WHAT THE TASK REQUIRES: Since only part of the material below is wanted, output exactly the lines from the one with "اللواء إبراهيم الطراح" up to and including the one with "Közismert, hogy középkori".
++++
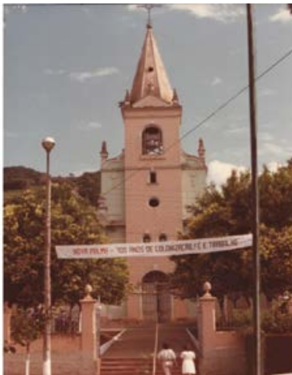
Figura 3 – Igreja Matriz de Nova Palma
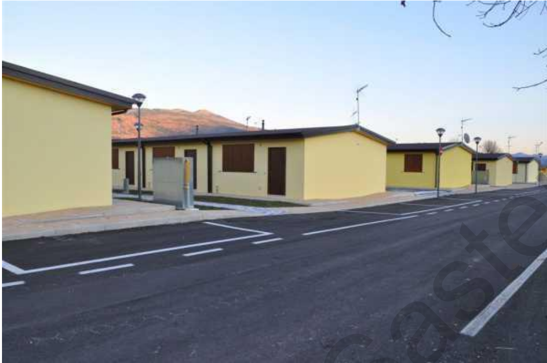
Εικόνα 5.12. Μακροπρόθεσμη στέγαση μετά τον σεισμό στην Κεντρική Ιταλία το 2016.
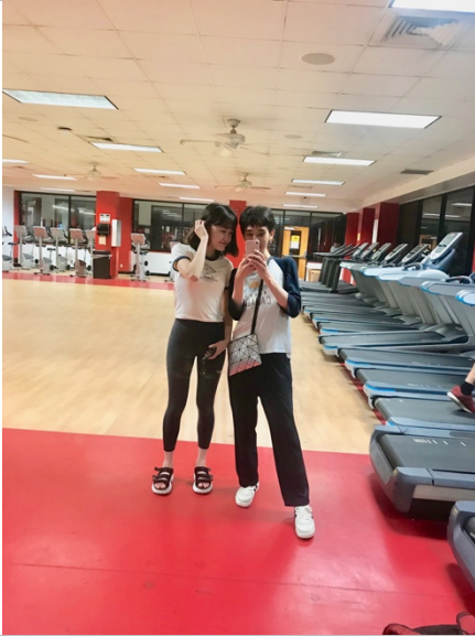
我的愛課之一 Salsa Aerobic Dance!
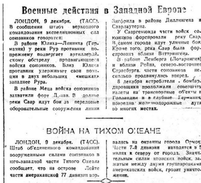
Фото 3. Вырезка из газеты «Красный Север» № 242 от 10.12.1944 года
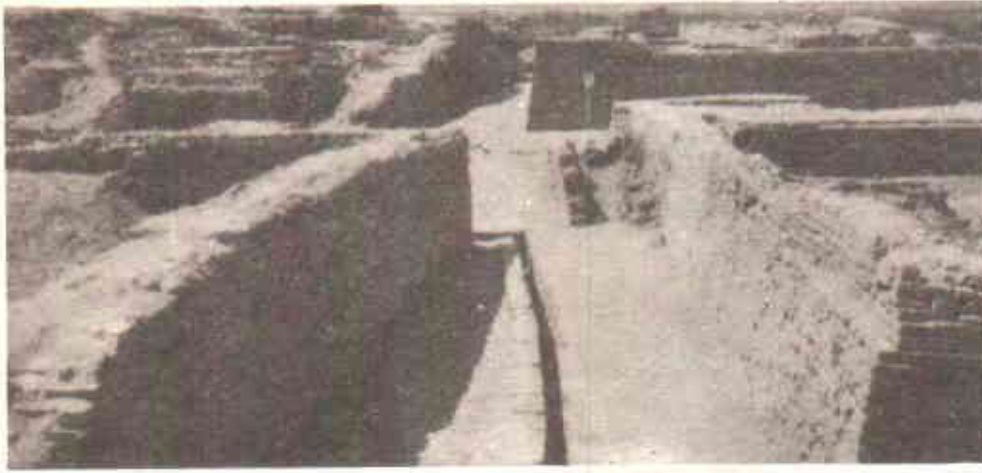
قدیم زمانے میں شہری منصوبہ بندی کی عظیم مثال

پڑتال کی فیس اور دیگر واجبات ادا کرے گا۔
++++
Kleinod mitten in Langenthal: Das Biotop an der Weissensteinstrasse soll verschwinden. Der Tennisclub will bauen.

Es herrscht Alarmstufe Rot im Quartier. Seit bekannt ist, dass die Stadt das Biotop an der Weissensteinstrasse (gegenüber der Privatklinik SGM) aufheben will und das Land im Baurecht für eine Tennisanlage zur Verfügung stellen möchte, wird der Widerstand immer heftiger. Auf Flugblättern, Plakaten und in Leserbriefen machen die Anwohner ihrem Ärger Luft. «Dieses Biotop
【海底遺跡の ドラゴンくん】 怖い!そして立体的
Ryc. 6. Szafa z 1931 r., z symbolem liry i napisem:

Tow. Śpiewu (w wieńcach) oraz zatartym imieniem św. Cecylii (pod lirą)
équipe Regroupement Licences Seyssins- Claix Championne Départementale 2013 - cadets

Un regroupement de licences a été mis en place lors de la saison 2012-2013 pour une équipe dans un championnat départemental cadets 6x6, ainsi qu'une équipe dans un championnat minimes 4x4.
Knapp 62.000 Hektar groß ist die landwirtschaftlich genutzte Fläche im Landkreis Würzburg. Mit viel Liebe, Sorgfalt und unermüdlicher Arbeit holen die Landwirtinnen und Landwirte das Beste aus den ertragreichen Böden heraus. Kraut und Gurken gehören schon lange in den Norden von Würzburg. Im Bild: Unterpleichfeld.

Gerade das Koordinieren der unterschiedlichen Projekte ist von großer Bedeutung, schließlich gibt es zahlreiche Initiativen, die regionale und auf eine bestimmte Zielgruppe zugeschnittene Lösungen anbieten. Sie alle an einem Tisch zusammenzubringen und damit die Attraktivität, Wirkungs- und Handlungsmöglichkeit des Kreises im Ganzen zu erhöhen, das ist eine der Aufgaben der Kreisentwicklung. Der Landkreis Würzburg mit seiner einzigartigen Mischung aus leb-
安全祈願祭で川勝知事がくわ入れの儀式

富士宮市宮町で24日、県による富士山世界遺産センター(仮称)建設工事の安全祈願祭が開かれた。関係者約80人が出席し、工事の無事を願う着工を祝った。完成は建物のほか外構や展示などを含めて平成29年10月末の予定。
++++
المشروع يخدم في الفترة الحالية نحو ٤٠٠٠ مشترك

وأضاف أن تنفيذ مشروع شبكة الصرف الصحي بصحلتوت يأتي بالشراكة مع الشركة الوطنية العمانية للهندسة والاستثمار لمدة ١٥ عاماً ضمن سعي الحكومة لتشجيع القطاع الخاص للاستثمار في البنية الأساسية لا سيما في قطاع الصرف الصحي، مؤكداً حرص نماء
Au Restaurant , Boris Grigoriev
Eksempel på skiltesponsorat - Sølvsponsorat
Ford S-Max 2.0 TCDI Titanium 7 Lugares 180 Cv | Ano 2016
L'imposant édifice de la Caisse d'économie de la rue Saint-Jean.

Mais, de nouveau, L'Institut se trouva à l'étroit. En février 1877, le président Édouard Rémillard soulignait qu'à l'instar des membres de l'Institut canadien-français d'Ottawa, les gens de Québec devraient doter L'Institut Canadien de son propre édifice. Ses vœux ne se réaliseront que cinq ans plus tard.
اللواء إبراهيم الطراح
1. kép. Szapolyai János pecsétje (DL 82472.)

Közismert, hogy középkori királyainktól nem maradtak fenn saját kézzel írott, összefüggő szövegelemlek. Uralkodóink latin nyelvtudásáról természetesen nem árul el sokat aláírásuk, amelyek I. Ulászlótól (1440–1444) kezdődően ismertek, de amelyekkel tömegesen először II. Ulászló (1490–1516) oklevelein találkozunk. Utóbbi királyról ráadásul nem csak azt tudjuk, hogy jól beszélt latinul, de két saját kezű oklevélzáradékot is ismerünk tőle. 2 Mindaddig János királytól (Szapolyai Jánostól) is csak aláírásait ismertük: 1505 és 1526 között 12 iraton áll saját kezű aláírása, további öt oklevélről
++++
ANSWER BOX:
اللواء إبراهيم الطراح
1. kép. Szapolyai János pecsétje (DL 82472.)

Közismert, hogy középkori királyainktól nem maradtak fenn saját kézzel írott, összefüggő szövegelemlek. Uralkodóink latin nyelvtudásáról természetesen nem árul el sokat aláírásuk, amelyek I. Ulászlótól (1440–1444) kezdődően ismertek, de amelyekkel tömegesen először II. Ulászló (1490–1516) oklevelein találkozunk. Utóbbi királyról ráadásul nem csak azt tudjuk, hogy jól beszélt latinul, de két saját kezű oklevélzáradékot is ismerünk tőle. 2 Mindaddig János királytól (Szapolyai Jánostól) is csak aláírásait ismertük: 1505 és 1526 között 12 iraton áll saját kezű aláírása, további öt oklevélről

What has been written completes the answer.